Cardio-safe degrader CT-03p degrades MCL-1 and overcomes venetoclax resistance in AML. Free

BCL-2 family proteins are key cell death regulators. Among them, BCL-2 and MCL-1 are major anti-apoptotic proteins and play critical roles in survival and chemoresistance of malignant cells including acute myeloid leukemia (AML). The FDA-approved BCL-2 inhibitor venetoclax (VEN) and hypomethylation agent combination has greatly improved outcomes in AML but most patients ultimately relapse.

MCL-1 is upregulated by multiple cell survival signaling proteins and is known to play a major role in resistance to BCL-2 inhibition. We reported that MCL-1 not only directly protects leukemia cells from death but also exerts other functions that support leukemia growth and survival including regulating metabolic activities and leukemia-stroma interactions (Carter BZ et al., Haematologica 2022). Several MCL-1 inhibitors have been developed and entered clinical trials in AML. However, increased troponin levels, suggesting potential cardiotoxicity in patients treated with MCL-1 inhibitors curtailed their clinical development. Alternative approaches that effectively target this protein are needed.

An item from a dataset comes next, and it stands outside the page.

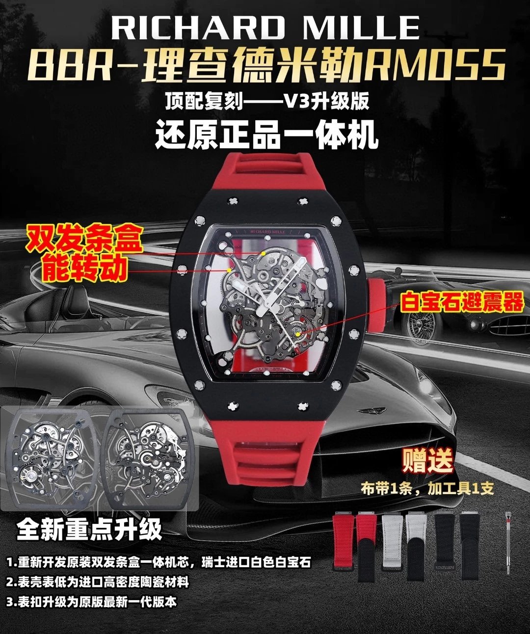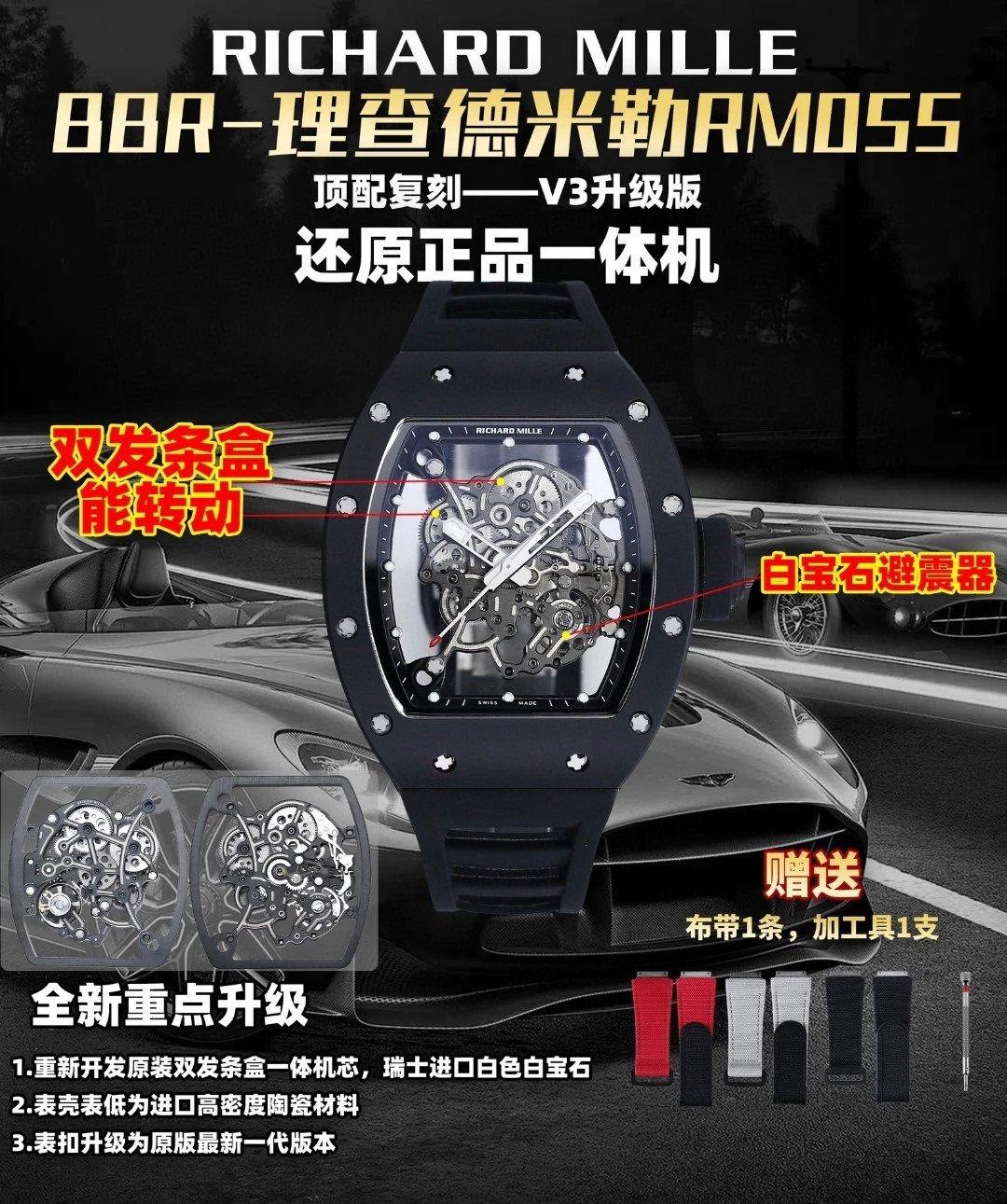 2⃣️機芯:重新開發原裝RMUL2一體機芯,雙發條盒機芯擺輪清晰可見會動。告別一眼假的夾板機芯!

CT-03p is a cereblon-based MCL-1 bifunctional degrader developed by Captor Therapeutics. Unlike MCL-1 inhibitors that increase stability and prevent degradation of MCL-1, which triggers cardiotoxicity, the MCL-1 degrader does not affect non-human primate cardiac function in vivo at doses exceeding Degradation Dose 50 by over 100 times. Cardio-safety has been established by troponin I and D analyses and in the histopathological examination.

We found that CT-03p decreased MCL-1 protein levels, induced cell death, and decreased viability in various AML cells. Like MCL-1, which functions as a resistance factor to BCL-2 inhibitor, BCL-2 is a resistance factor to the MCL-1 degrader. CT-03p is highly active in AML cells with acquired resistance to VEN. Importantly, the combination of CT-03p and VEN is highly synergistic in AML cells and stem/progenitor cells resistant to VEN, CPT-098, or both BCL-2 and MCL-1 inhibition. Metabolic analysis shows that CT-03p reduces oxidative phosphorylation and fatty acid oxidation in AML cells, which both contribute to VEN and chemotherapy resistance.

Collectively, our data demonstrate that CT-03p degrades MCL1, induces cell death, targets metabolic activities, and overcomes VEN resistance in AML cells. The importance of MCL-1 in AML resistance and the lack of cardiotoxicity of CT-03p warrants future development of this degrader.